To support the growth of relational machine learning.
How to cite
Cite this article.
- Why are the datasets not stored in CSV files?
- Because CSV files do not store information about data types, PKs, FKs and other constraints.
- Why MariaDB database?
- Because in combination with ClowdFlows you can process the datasets online.
Just open one of the public workflows (like Wordification or Cross-validation), change the credentials in "MySQL Connect" operator to the credentials from the repository and you are ready to go!
- Why am I not able to connect to the database?
- If you are connecting to the database over a corporate network, the corporate firewalls could be the culprit (it may block port 3306).
Try to access the database with a different internet provider (e.g. with your cellular provider).
Also, keep in mind that database names are case sensitive. Database "mutagenesis" is not the same database as "Mutagenesis".
If the problems persist, contact us and provide us with the following information:
- Your database client and its version (e.g. MySQL Workbench 6.3.10).
- The database name you tried to connect to (e.g. mutagenesis).
- Why MySQL Workbench complaints about incompatible/nonstandard server version?
- We are using open source version of MySQL called MariaDB, hence the warning. For all purposes that the public account permits it is safe to ignore the message.
- Why mysqldump cannot find COLUMN_STATISTICS in information_schema?
- MariaDB has the table in MYSQL.COLUMNM_STATS. Use one of the workarounds.
- What to do if I want an ILP format?
- See a collection of datasets at ILPnet2.
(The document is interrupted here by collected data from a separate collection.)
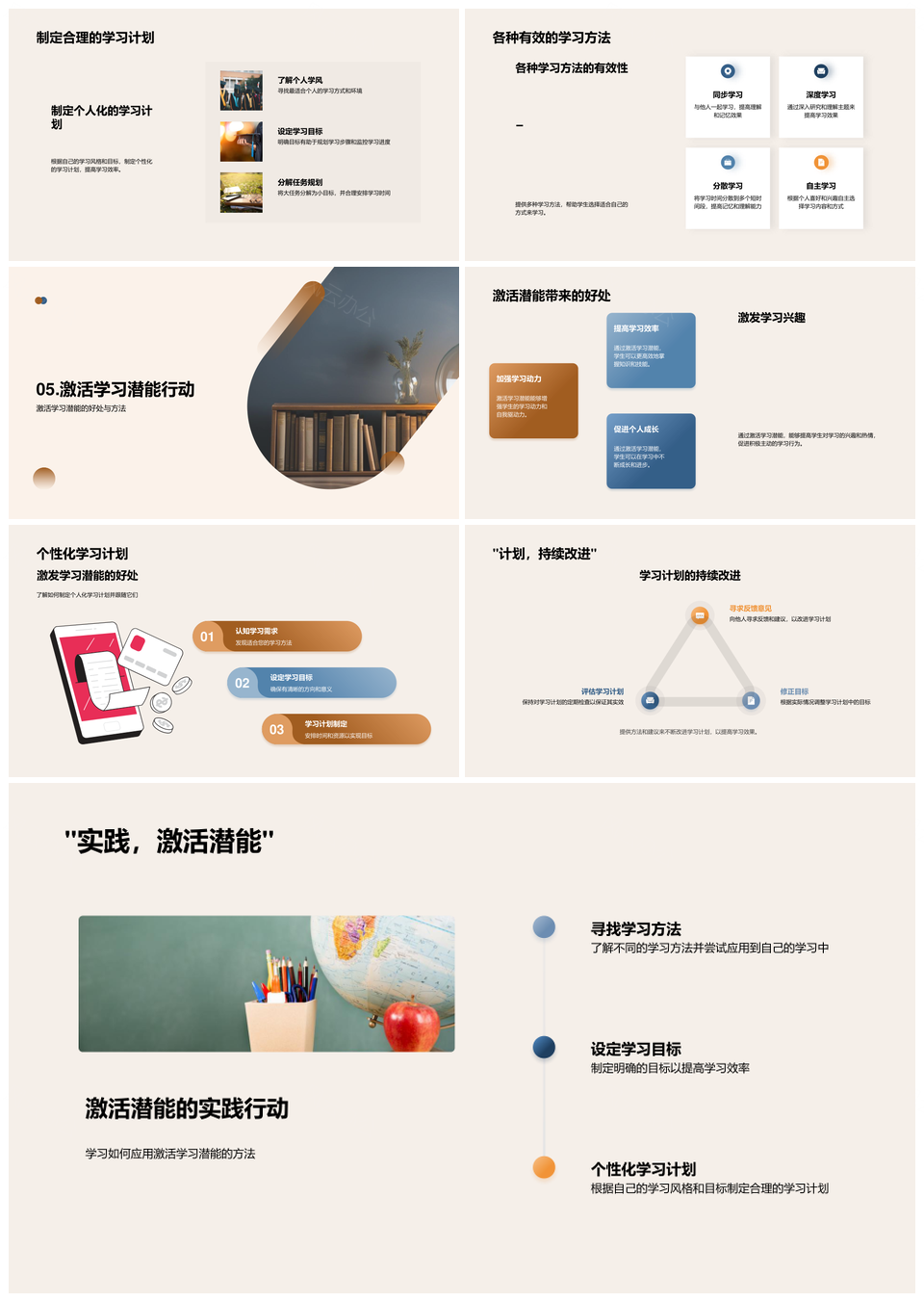 风云办公提供的激活学习潜能高效动力计划PPT模板,下载格式为pptx,一共25页,作品中文字及图均可以修改和编辑,图片更改请在作品中右键图片并更换,文字修改请直接点击文字进行修改。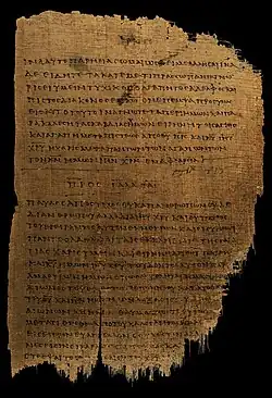 The original of the letter (autograph) is not known to survive. Papyrus 46, the earliest reasonably complete version available to scholars today, dates to approximately AD 200, around 150 years after the original was drafted.[8] This papyrus is fragmented in a few areas, causing some of the original text to be missing. The text of surviving manuscripts varies. Biblical scholar Bruce Metzger writes: "through careful research relating to paper construction, handwriting development, and the established principles of textual criticism, scholars can be rather certain about where these errors and changes appeared and what the original text probably said."[9]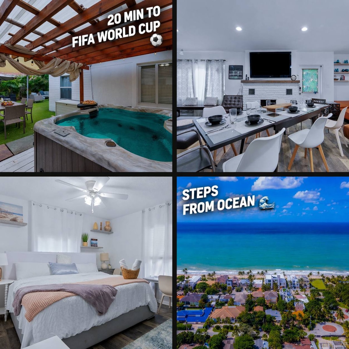 Feel the ocean breeze and settle into a coastal retreat designed for comfort and calm. This spa-inspired home blends wellness and style, offering space to slow down and reconnect. Soak in the Jacuzzi, refresh in the cold plunge, and unwind beneath soft evening lights… Spend your days exploring Fort Lauderdale’s beaches, waterfront dining, and palm-lined streets, then return to a peaceful space that feels curated, private, and effortless. ⏱ 4-minute walk to the beach 🛒 3-minute walk to Publix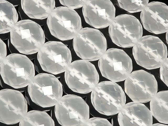 - ミルキークォーツ 64面カット 丸玉 8mm【1連販売】 / 2-20 MQ8MC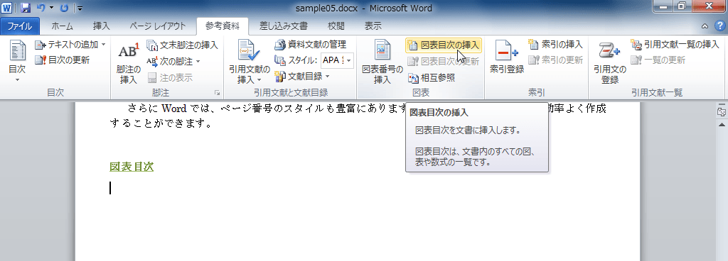 - [図表]グループの[図表目次の挿入]をクリックします。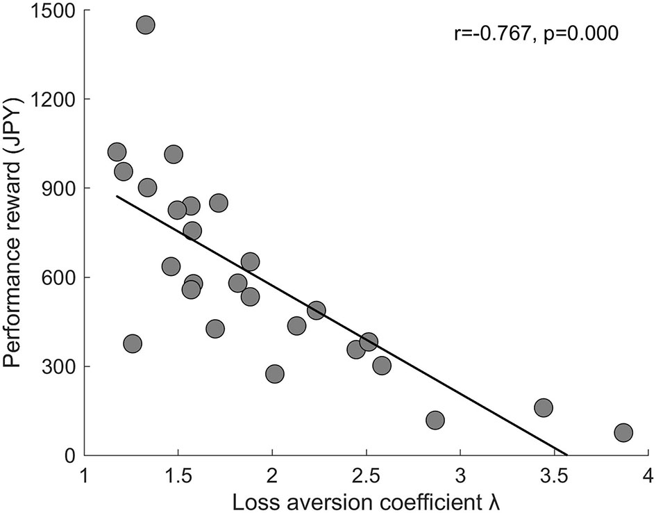Scatter plot (with a regression line) of the association between LA coefficient λ and performance reward (JPY). Each circle represents a subject. n = 26.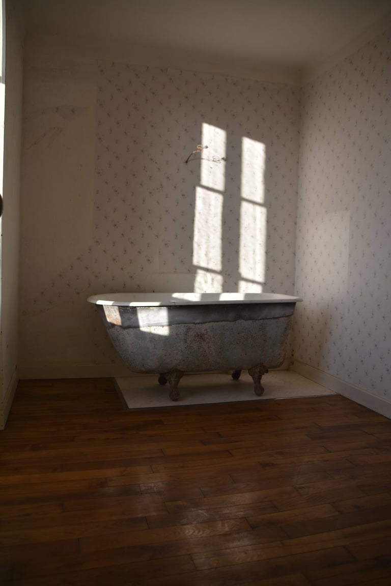 La baignoire ancienne à pattes de lion a été émaillée par Alexandre, mais Aurélie a souhaité que l'on ne touche pas à son apparence extérieure, patinée par les années passées dehors. Un fixateur a donc stabilisé son état, permettant d'apprécier les teintes bleutées de sa patine sans se désagréger.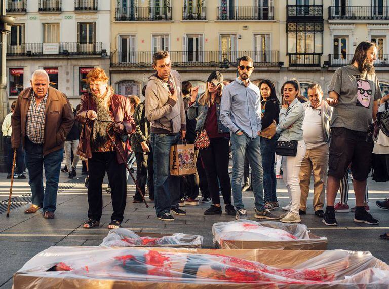 Dias depois, alguns participantes dessa sombria excursão se reúnem em uma praça em Madri. Usam roupas pretas e cobrem seus rostos com máscaras, porque agora representam outro movimento, Anonymous for the Voiceless. Seguram laptops que projetam cenas de sofrimento animal. “A ideia é dizer: ‘Não olhe para o outro lado’”, diz Ricardo. Muitos ativistas pulam de um grupo para outro, dependendo das atividades. Para o chalk challenge (desafio do giz) eles se reúnem sob o guarda-chuva do movimento 269, um número que alguns marcaram a fogo no braço e outros levam pendurado na orelha com uma etiqueta de gado. Desenham ovelhas nas calçadas e escrevem slogans do tipo “não coma seus amigos”. Denunciam o “especismo”, a discriminação de certas espécies de animais. Perguntam: “Por que você ama seu cachorro e come um bezerro?”.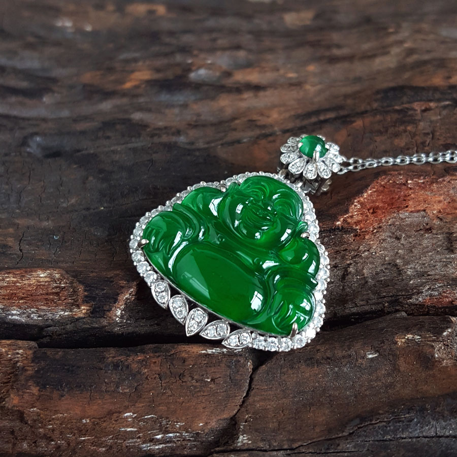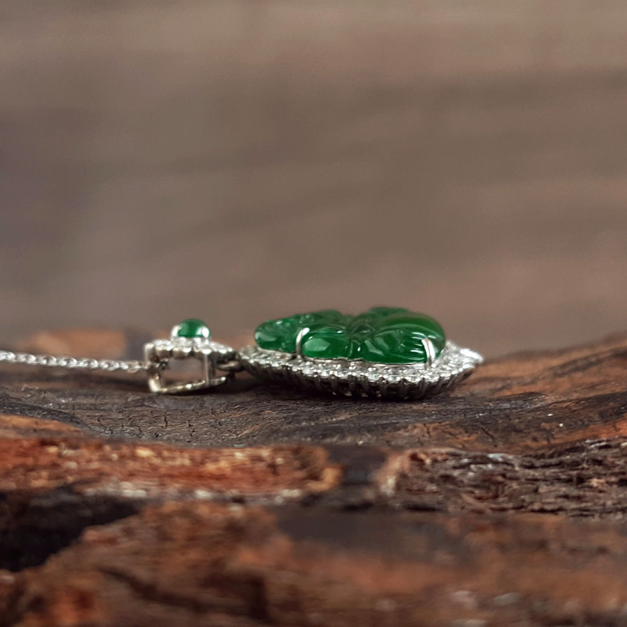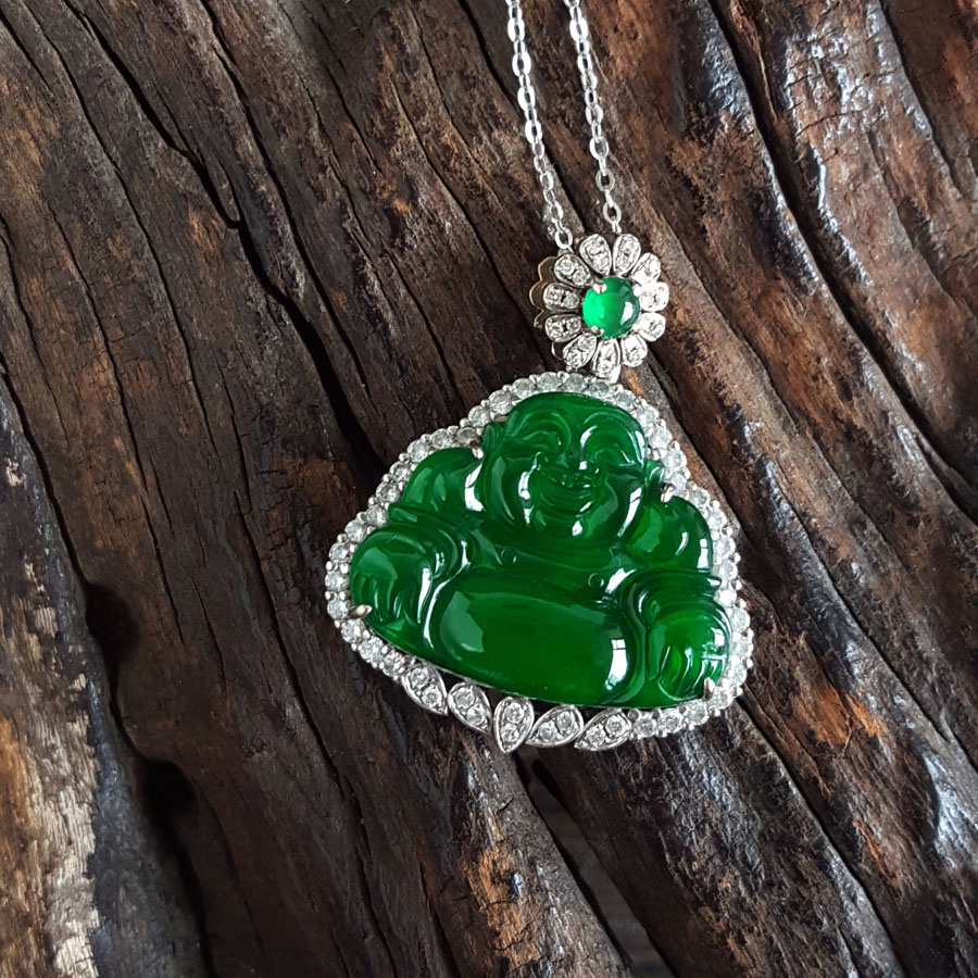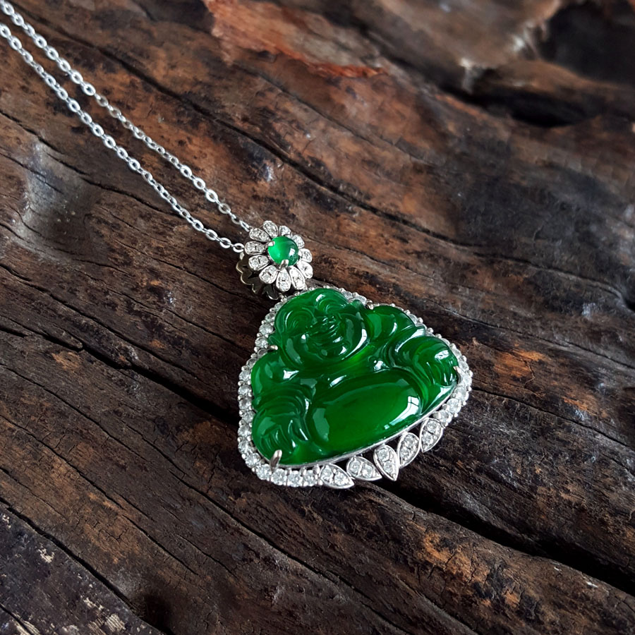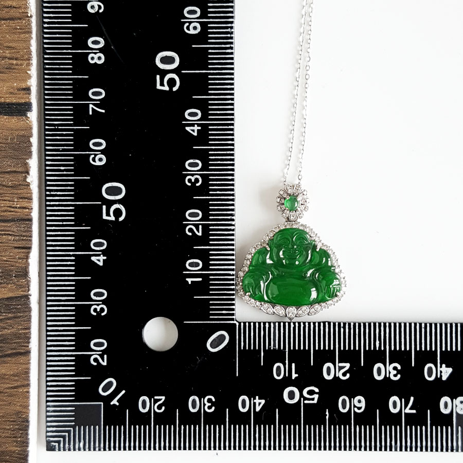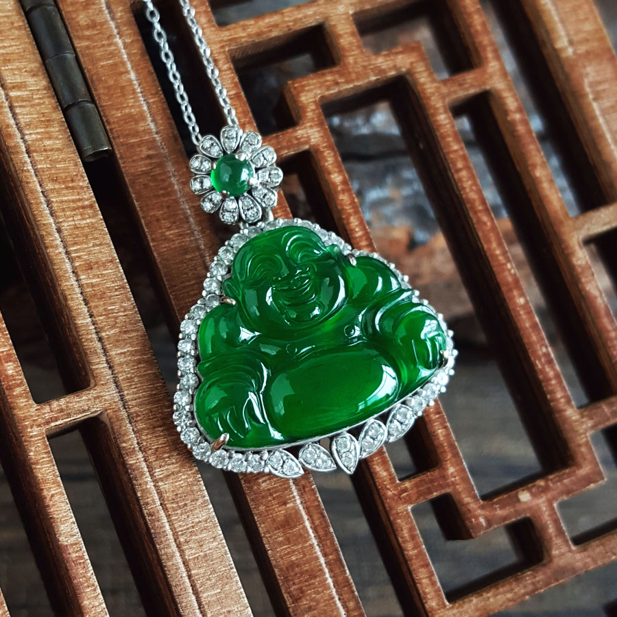 名称 | AU750白金镶钻镶天然细腻满绿冰种佛公翡翠吊坠项链 |

Or use a conversion tool, where you have to change the connection parameters in
- Why do the datasets contain missing values/composite keys/strange data types/any other ugly thing you may think of?
- Because they are also present in the real datasets.
- What is the point of including artificial datasets?
- While datasets like Adventure Works may not contain any pattern that could be found during modeling, they still increase the diversity of the repository. For example, the named Adventure Works dataset has the highest table count in the whole repository.
If your algorithm can process all the tables present in Adventure Works, it may be able to process real-world datasets.